10. 05. 2010 - Разводка шпиона

Степаныча обманули.

Старичок-боровичок, переживающий о престарелой маме и потере квалификации, дал себя уговорить на сделку со следствием. Иногда он спрашивал меня, стоит ли идти на этот шаг, но что я мог ответить? Я рассказывал ему, как в своё время следаки дурили и меня, шантажировали только родившейся Яськой и прикрывались моей женой. Объяснял, что нынче «честное офицерское» не стоит и пустоты, ибо ни чести, ни офицеров я в местных кабинетах так и не нашёл. Но это был мой печальный опыт. Есть же опыт и тех, кто, оговаривая только себя получал за это куда меньше иных упёртых. Да и дед - не боец, умирает он здесь, здоровье хреновое, надо валить ему отсюда.

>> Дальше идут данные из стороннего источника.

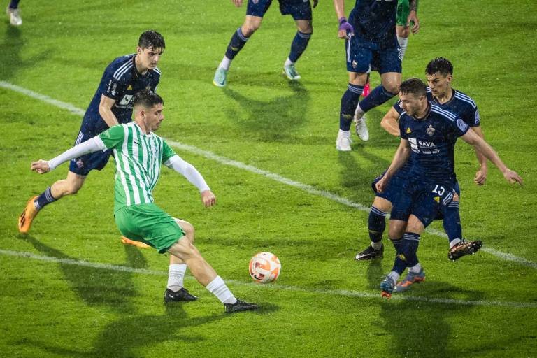 30' PRILOŽNOST! Admir Bristrić je po podaji v prostor krenil sam proti vratom Ažbeta Juga, a se je v obrambo pravočasno vrnil Ignacio Guerrico in napadalcu Olimpije z odličnim posredovanjem odvzel žogo.

Степанычу пообещали четыре года условно. За это он должен пойти в сознанку: всё подписать, признать вину и раскаяться. Да, картам Ямало-Ненецкого округа 30 лет, да, там рельеф давно изменился и да, никакого вреда нанести Родине не хотел. Однако с некими людьми этими картами «махнулся» получив взамен подробную топографию Парижа. Штампик «Сов.секретно» в уголочке действительно стоял. Госизмена.

Сознался. Всё подписал. Ждал суда.

Одним из условий сделки была тишина. Степаныч слышал мои рассказы о шумихе вокруг политзаключённых, и себе он желал прямо противоположного. Чтоб ни одного журналиста в суде! Он был уверен, что газетные статьи помешают ему в будущем найти работу, и постоянно просил следователей о тишине вокруг дела.  Ему пообещали и это.

И вот он уехал в суд. Я пожелал ему ни пуха, он ритуально послал меня подальше.
Вечером в камеру он вошёл, шатаясь и тут же вызвал врача. Четыре года строгого режима.

Не могу быть уверенным, но, по-моему, ночью он плакал.

К сожалению, это был только первый удар. Каждый день мне приносили прессу. «Коммерсантъ» я выписывал не только для того, чтоб вырезать смешные статьи о моём деле, но и знать, кто сидит в Лефортово. Так я заочно знакомился с будущими соседями.

На следующий день, когда Степаныч лежал бревном на койке и смотрел в потолок, я читал о нём статью на полполосы. Под фотографией заморенного дедушки было описание его страшного преступления. Если коротко, то карта Ямало-Ненецкого округа за семьдесят какой-то год были передана иностранным шпионам для последующей корректировки полёта НАТОвских боеголовок. И только доблестная контрразведка смогла предотвратить бла-бла-бла.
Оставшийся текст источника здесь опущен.